Although merger activity itself was not found to necessarily be a main driver for concentration in these industries, the Commission identified that to break down concentration, merger conditions aimed at reducing barriers to entry may be successful. The Concentration Report also flagged that, in sectors where government licenses are issued, the licensing process itself may achieve the greater spread of ownership which may then be altered through merger activity which results in consolidation.
The Commission appears to be applying these findings by more regularly imposing a wider range of public interest conditions on mergers. Previously, the Commission’s public interest conditions had focused on employment issues – in particular curbing merger-related retrenchments. There has since been a shift to developing more extensive conditions addressing, in particular, the ability of SMEs or firms controlled or owned by HDPs to effectively enter into, participate in or expand within the market, and increasing the levels of ownership by HDPs and workers in firms in the market. The Commission now appears to be applying a positive obligation on parties to promote these goals (and not only to ensure that they are not harmed via a merger).
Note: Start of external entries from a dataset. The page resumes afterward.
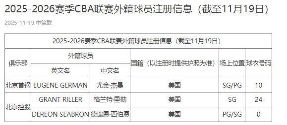 其中,北控注冊(cè)了格蘭特·里勒和德瑞恩·西伯恩;北京注冊(cè)了尤金·杰曼。
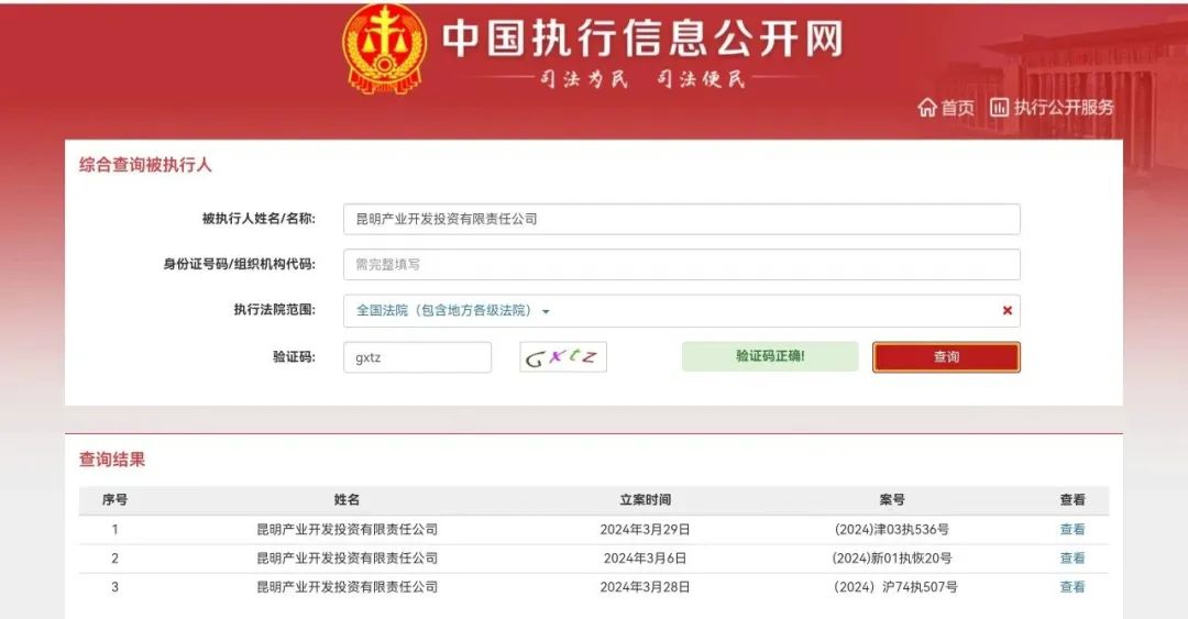 记者注意到,昆明产业开发投资有限责任公司、昆明市城建投资开发有限责任公司等公司已被处于被执行人状态。
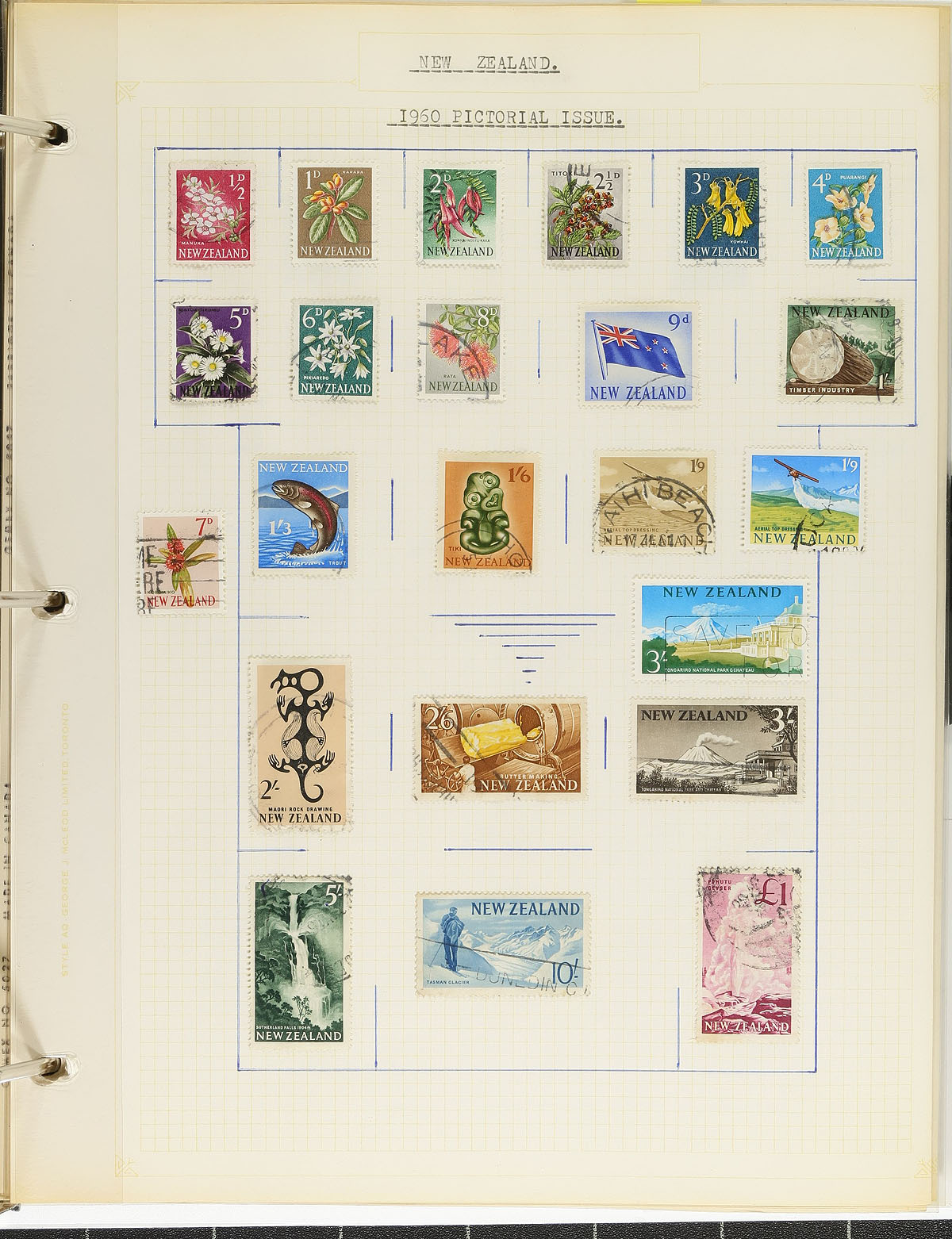 Collection of mint and used New Zealand, 1880's-1979, containing several hundreds of stamps, on roughly 100 well described pages housed in 4 binders. The collection begins with selection of used singles and partial sets up to 1930, with a mixture of mint and used material thereafter, with an attempt by the collector to have a mint and used example for some issues. The lot also includes selections of postal-fiscals, postage dues, and officials. A spot check indicated a few singles and sets cataloguing $20 and up. Condition is mixed with the early issues, with a spot check indicating stamps having at least 2 hinges per item. Still a nice collection, with online photos showing a sampling. Estimate =

The Concentration Report’s findings highlight the emerging shift in focus on the part of our competition authorities from simply protecting competition, to actively promoting the enhancement of competition through the reduction of concentration. This approach is being applied in the merger context through attempts to enhance economic inclusion by promoting broader participation and a greater spread of ownership.
Clients should therefore be mindful of emerging sector-specific competition law enforcement, particularly in markets identified as being concentrated, and seek legal advice early to address perceptions of concentration or lack of market dynamism, in order to prepare for the possibility of intervention by competition authorities.